This is a good article that shows the debate between those who want to save nature for its own sake and those who just think it’s a dumb idea for humans to mess up the planet where they live.  The author (Johann Hari) traces the tension back to the Romantics v. Enlightenment, and I think you can see a similar tension in Catholic environmental work (I wrote about this for America).

American environmentalism was midwifed into the world by a romantic, Henry David Thoreau. His decision to live for two years, two months, and two days alone in the woods—to hear the earth—has become part of American mythology. He scorned the supposed inauthenticity of the city and its technologies: Appalled, he said, “We do not ride on the railroad; it rides upon us. This tendency ripples on through the following centuries of environmentalism as an ache and a lodestar. You don’t have to spend long among the lead-belching factory-cities of China—or on a snarled-up freeway in Los Angeles—to feel the tug of these back-to-the-trees tropes.
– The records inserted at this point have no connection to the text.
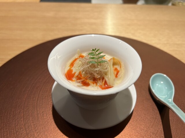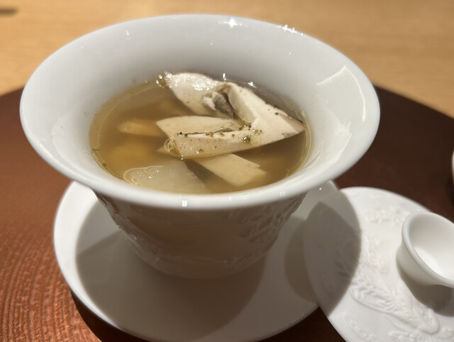 ●冬瓜 衣笠茸 蝦夷鮑の鶏蛋湯
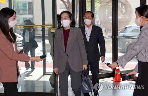 김현숙 여성가족부 장관 후보자가 11일 오전 인사청문회 준비단 사무실이 마련된 서울 서대문구 한국청소년활동진흥원에 출근하고 있다. 연합뉴스
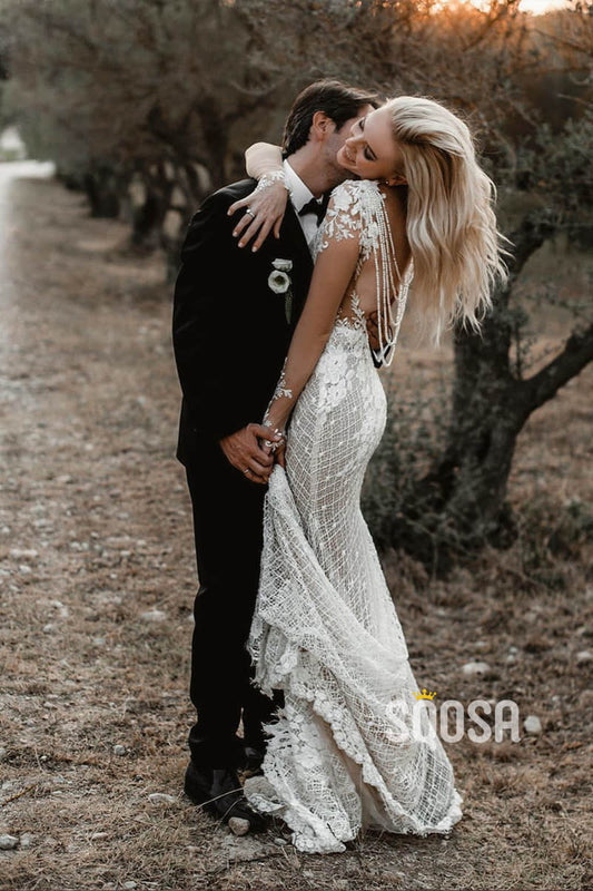 Attractive V-neck Lace Long Sleeves Mermaid Wedding Dress Backless QW2469
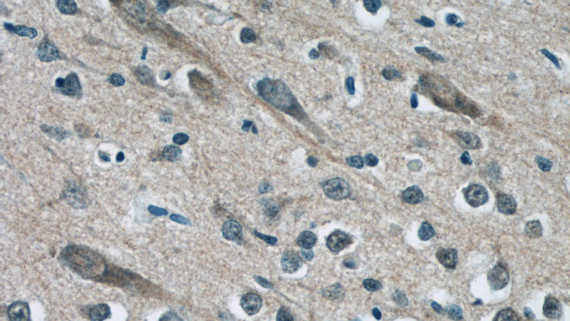 Immunohistochemistry of paraffin-embedded human brain tissue slide using Catalog No:112534(MFSD8 Antibody) at dilution of 1:50 (under 10x lens)
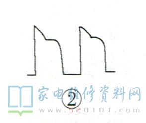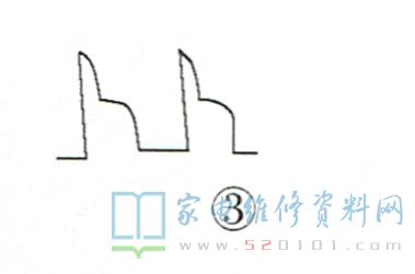 此时用示波器测得Q401的c极波形如图2所示,而正常波形如图3所示,怀疑电阻R413或电容C419有问题改变了波形。用万用表测得电阻R413的阻值正常,用一个容量为1500pF的电容替换C419后,行推动管c极的波形恢复正常,行管电流也降为正常值。经过几天观察,一切正常,至此故障彻底排除。
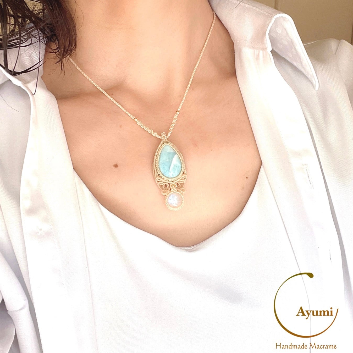 優しいお守り♪ラリマーとレインボームーンストーンの天然石アクセサリー・マクラメネックレスsizuku Larimar Necklace
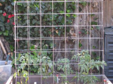 longer. My tomatoes needed support. They were having a breakdown – or a “tip sideways” so to speak. So I set out to build new cages for my leaning tower of tomatoes at
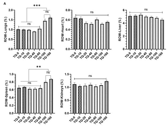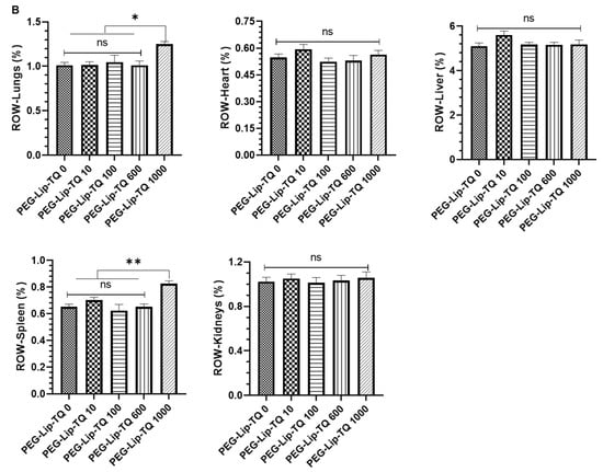 The relative organ weight (ROW) showed significant changes in the lungs and the spleen of the animals exposed to TQ-100 and TQ-160. However, no significant change was observed in the ROW of the heart, liver, and kidneys in any of the treated group of free TQs. As depicted in Figure 10A, a 43% and 58% increase in the ROW were calculated in the lungs of TQ-100 and TQ-160, respectively, clearly indicating the toxicity of TQ in the lungs at these concentrations. The ROW of spleen data showed a 22.5% in TQ-100 and ~35% increase in TQ-160 (Figure 10A), which directed us to make the formulations of TQ to avoid such a type of toxicity, while using it is frequently used in the ailment of several diseases including lung cancer. The ROW results of the surviving animals exposed to PEG-Lip-TQ revealed a 23.76% and 26.5% increase in the ROW of lungs and spleen, respectively, by PEG-Lip-TQ 100, while no change was observed in any of the other doses in the ROW (Figure 10B).

McKibben includes a close-to-parody piece by Alice Walker taking this tendency to its logical extreme. As part of an “intense dialogue” with them, she “feels” the trees angrily shout: “That we are alive and have feelings means nothing to you!” The trees tell her Americans should return to being a hunter-gatherer society: “The new way to exist on the Earth may well be the ancient way of the steadfast lovers of this particular land,” they mutter through their leaves.